After finding "Foto 3: Bevuiling" in the data, write out its line and all following lines without change, up to and including the last one. Leave out pictures.

• **Supplied records**:
* * * * * * * * *

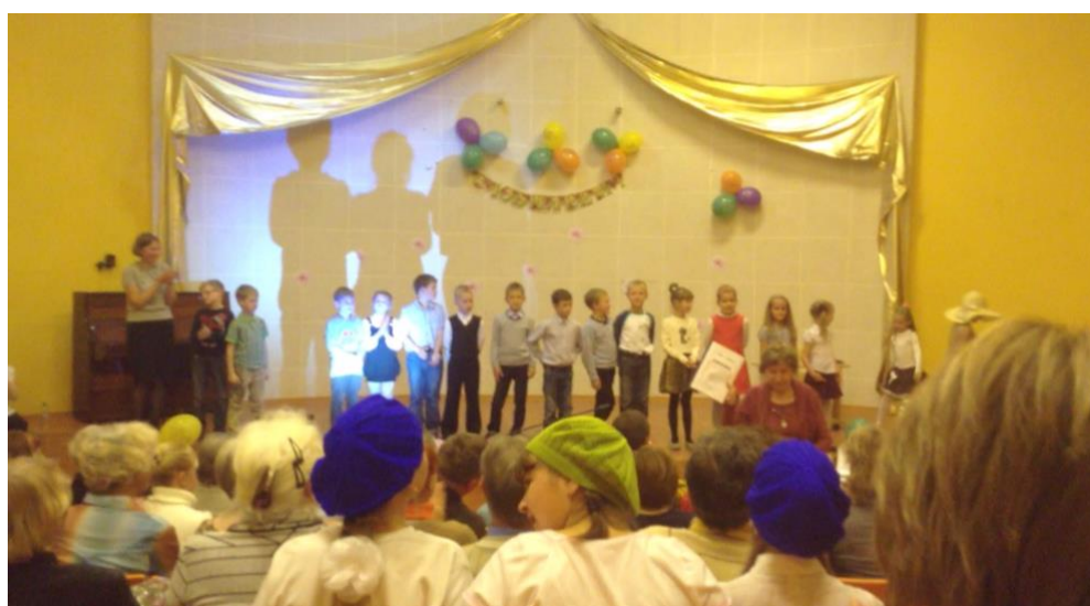
Мы в районной детской библиотеке. Книга подарена
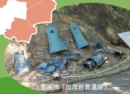
雲南市「加茂岩倉遺跡」
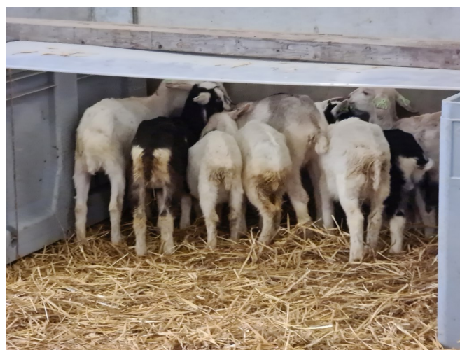
Foto 3: Bevuiling van de achterhand en verkrampte lichaamshouding bij de miekes die gevoed werden met verpoederde geiten- en koemelk.

In het geval van een langere opfok ter compensatie bedraagt het margeverlies nog maar 1,5 euro per 100 liter melk, oftewel 1,6% in de omzet bij de droge geitenmelk.
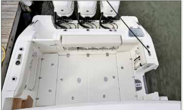
La coupée latérale ravira baigneurs et plongeurs. Elle pallie la difficulté d'accès au cockpit par l'arrière, liée à la présence des trois hors-bord.

ON AIME... L'esprit croisière qui n'oublie pas la pêche, la réalisation et l'équipement de haut niveau.
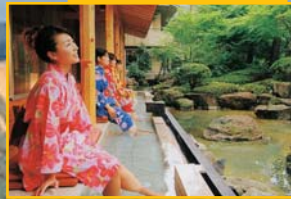
圧倒的湯量を誇る天然温泉

* * * * * * * * *

• **Task result**:
Foto 3: Bevuiling van de achterhand en verkrampte lichaamshouding bij de miekes die gevoed werden met verpoederde geiten- en koemelk.

In het geval van een langere opfok ter compensatie bedraagt het margeverlies nog maar 1,5 euro per 100 liter melk, oftewel 1,6% in de omzet bij de droge geitenmelk.
La coupée latérale ravira baigneurs et plongeurs. Elle pallie la difficulté d'accès au cockpit par l'arrière, liée à la présence des trois hors-bord.

ON AIME... L'esprit croisière qui n'oublie pas la pêche, la réalisation et l'équipement de haut niveau.
圧倒的湯量を誇る天然温泉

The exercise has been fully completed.